Business Services Industry
The Pantry Completes Acquisition of 38 Shop-a-Snak Food Mart Stores in Alabama
Business Wire, May 12, 2006
SANFORD, N.C. -- The Pantry, Inc. (NASDAQ: PTRY), the leading independently operated convenience store chain in the southeastern U.S., today announced that it has completed the acquisition of Shop-A-Snak Food Mart, Inc., which operates 38 convenience stores in Alabama. The acquisition also includes dealer and fuel supply arrangements for several additional stores. Shop-A-Snak Food Mart generated total revenues of approximately $123 million in 2005.
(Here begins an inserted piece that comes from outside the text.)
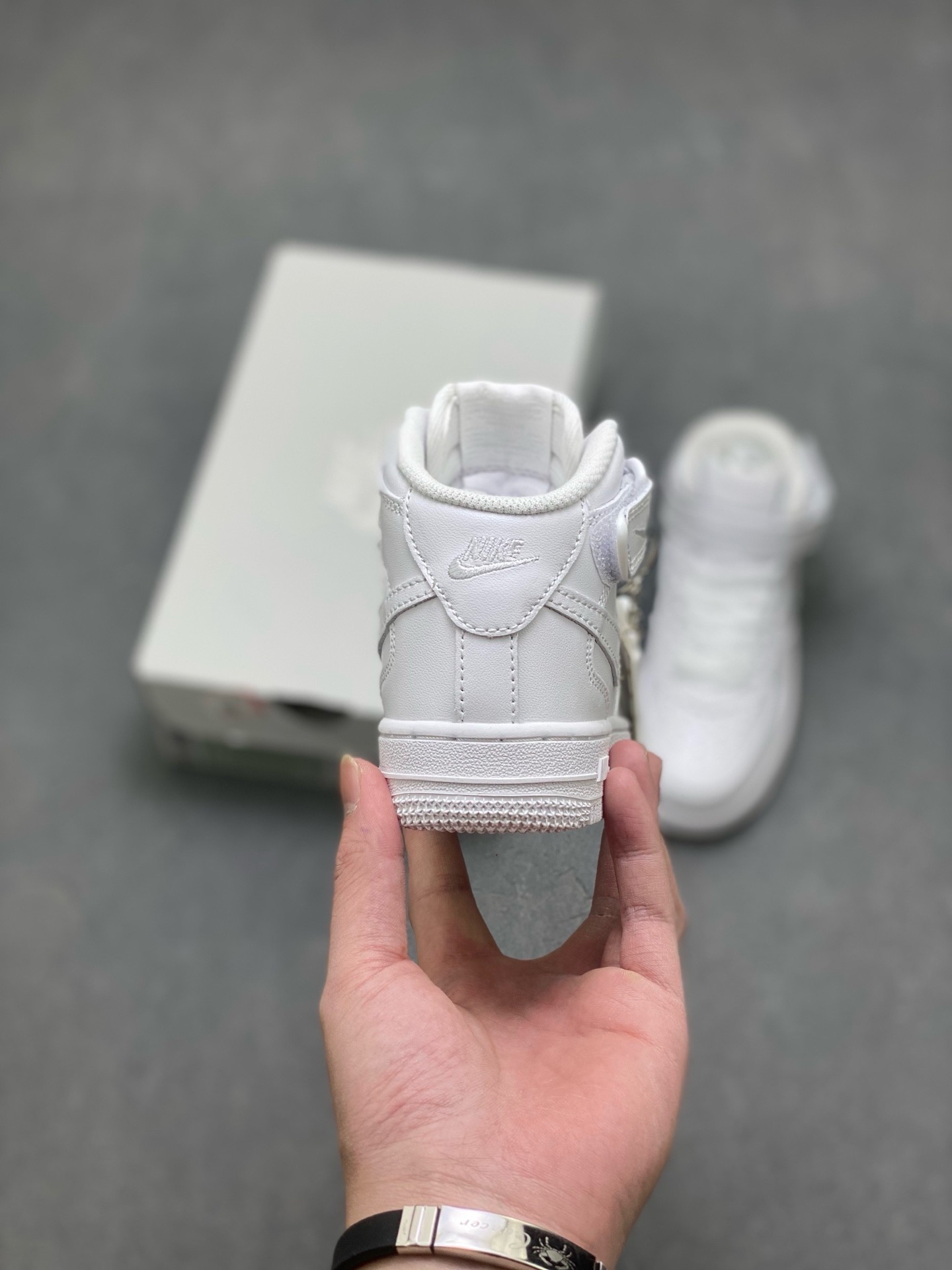全白中帮童鞋 原楦头原纸板 打造纯正空军版型 专注外贸渠道 全掌内置蜂窝气垫 原盒配件 原厂中底钢印、拉帮完美

The acquisition doubles the size of the Company's Alabama store base to 76 stores. The transaction, which is expected to be immediately accretive to The Pantry's earnings per share, was financed with a combination of cash on hand and lease financing. Terms were not disclosed.
About The Pantry
Headquartered in Sanford, North Carolina, The Pantry, Inc. is the leading independently operated convenience store chain in the southeastern United States and one of the largest independently operated convenience store chains in the country, with net sales for fiscal 2005 of approximately $4.4 billion. As of March 30, 2006, the Company operated 1,458 stores in eleven states under select banners including Kangaroo Express(SM), our primary operating banner. The Pantry's stores offer a broad selection of merchandise, as well as gasoline and other ancillary services designed to appeal to the convenience needs of its customers.
Safe Harbor Statement
Statements made by the Company in this press release relating to future plans, events, or financial performance are "forward-looking statements" within the meaning of the Private Securities Litigation Reform Act of 1995. These forward-looking statements are based on the Company's current plans and expectations and involve a number of risks and uncertainties that could cause actual results and events to vary materially from the results and events anticipated or implied by such forward-looking statements. Any number of factors could affect actual results and events, including, without limitation: the ability of the Company to take advantage of expected synergies in connection with acquisitions; the actual operating results of stores acquired; the ability of the Company to integrate acquisitions into its operations; fluctuations in domestic and global petroleum and gasoline markets; changes in the competitive landscape of the convenience store industry, including gasoline stations and other non-traditional retailers located in the Company's markets; the effect of national and regional economic conditions on the convenience store industry and the markets we serve; the effect of regional weather conditions on customer traffic; financial difficulties of suppliers, including our principal suppliers of gas and merchandise, and their ability to continue to supply our stores; environmental risks associated with selling petroleum products; governmental regulations, including those regulating the environment; and acts of war or terrorist activity. These and other risk factors are discussed in the Company's Annual Report on Form 10-K and in its other filings with the Securities and Exchange Commission. In addition, the forward-looking statements included in this press release are based on the Company's estimates and plans as of May 12, 2006. While the Company may elect to update these forward-looking statements at some point in the future, it specifically disclaims any obligation to do so.